Using the latest research in neural development and colour vision in infants, the film allows the user to experience and interact with the world from the point of view of a baby during the first year of its life. It's a period that none of us remember, but is the most crucial stage of our journey to adulthood.
Drawing on the latest academic research, viewers can relive the dramatic visual development that happens over this time. At first only muted colours are visible, then as the experience unfolds the world is coloured in - first reds and greens, then yellows and blues. Depth of focus increases, slowly the room becomes 3D and the child’s parents, other children, objects and even the family dog come into focus.
The Mill team played a pivotal role in the visual development of the piece and were also present on shoot, paying particular attention to the depth and scale of the scene in which the experience plays out.
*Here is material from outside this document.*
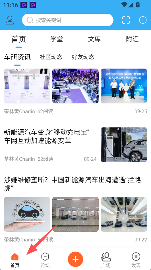 1、打开车研圈,点击底部“首页”,浏览车研资讯、社区动态。

Taking a very ‘hands on’ approach, Mill Creative Director Adam Grint starred as the father in the film with Mill Producer Jarrad Vladich contributing as dog handler with his housemates’ pet Hayes.
The Mill’s 2D team refined the final look of the experience using Nuke’s CaraVR toolset. This enabled them to explore uses of depth passes and stereoscopy to greater enhance the storyline and the unique perspective of a child.
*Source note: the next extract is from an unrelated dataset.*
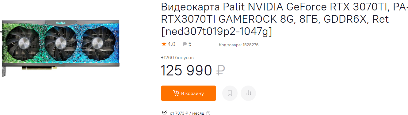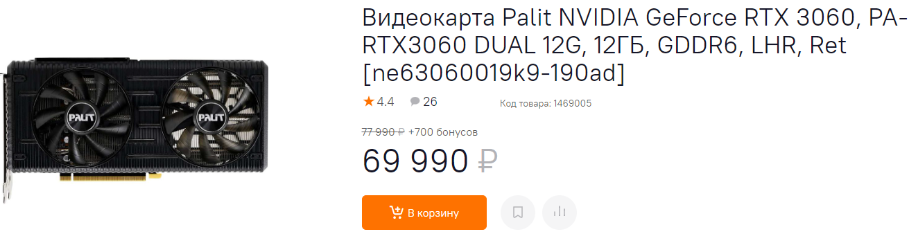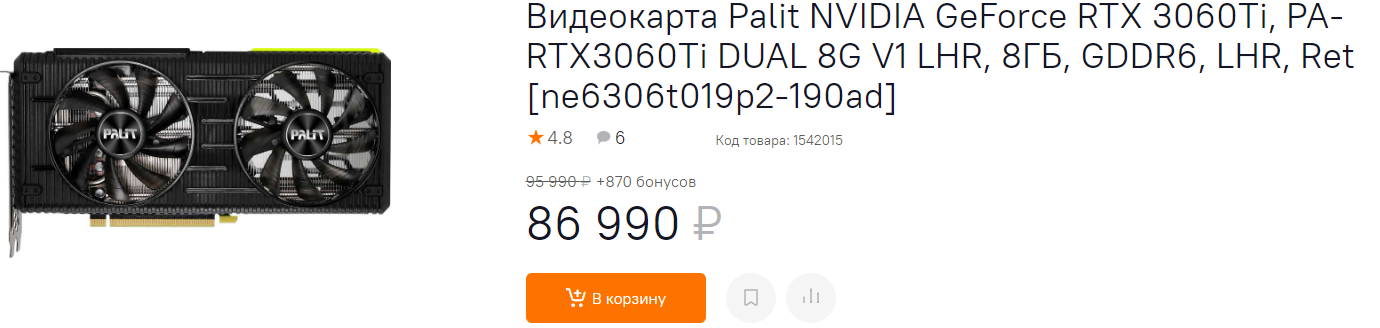 Очевидно, что флагманы плохо подходят для инвестирования. Давайте рассмотрим показатели на GeForce RTX 3060. Полноценная ферма из восьми GeForce RTX 3060 даст вам 16.49 доллара за день и всего 495 долларов за месяц. Ну а одна такая карточка генерирует скромные 62 доллара (4420 рублей). Наиболее приемлемую модель GeForce RTX 3060 мы нашли за 70 тысяч рублей. Есть одна карточка за 66 тысяч, но там ужасная система охлаждения из одного большого кулера, поэтому мы остановимся на модели производства Palit на два кулера. Выходит, что вернуть инвестиции в видеокарту GeForce RTX 3060 можно за 16 месяцев. Если вы уже готовы отправится в магазин за такой выгодной видеокартой, то мы спешим вас остановить. Дело в том, что в калькуляторе указана модель без алгоритма LHR, который даже сегодня снижает эффективность добычи на 30%. Приходится прибавить ещё 30% к 16 месяцам, что даёт нам 21 месяц возврата инвестиций.

The Mill’s Product Development team, led by Kevin Young also crafted the interactive elements to the piece via triggered sounds using the Google Daydream controller. A bespoke looping sequence to the piece also allows for further interaction whilst viewing the experience.
Mill Creative Director Adam Grint explains, ‘It was a pleasure to be working alongside the Guardian again, this time with the added bonus of a spot of acting! ‘First Impressions’ reiterates a universal truth about all good VR experiences - it’s not about the tech, it’s all about power of the narrative.
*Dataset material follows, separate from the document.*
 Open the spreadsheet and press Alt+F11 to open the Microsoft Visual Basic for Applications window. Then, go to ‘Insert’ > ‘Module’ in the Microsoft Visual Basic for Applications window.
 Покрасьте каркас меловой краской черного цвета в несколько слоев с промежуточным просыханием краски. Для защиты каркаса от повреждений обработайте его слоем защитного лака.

All the visual development we did at The Mill was in support of that, from creating a disorientating sense at the outset to mirror the development of a baby’s sensitivity to colour and, finally, that emotional connection as you stare into the eyes of your mother.
Two-thirds of the people who trialed the experience early on in the development, came out of the experience in tears, so we knew we were involved in something special. Credit goes to the Guardian for their rigorous attention to accuracy and for putting the story first. It was one of those projects where everyone mucked in to bring something extra to the piece and the hard work paid off.' The piece is available for download now on Google Daydream.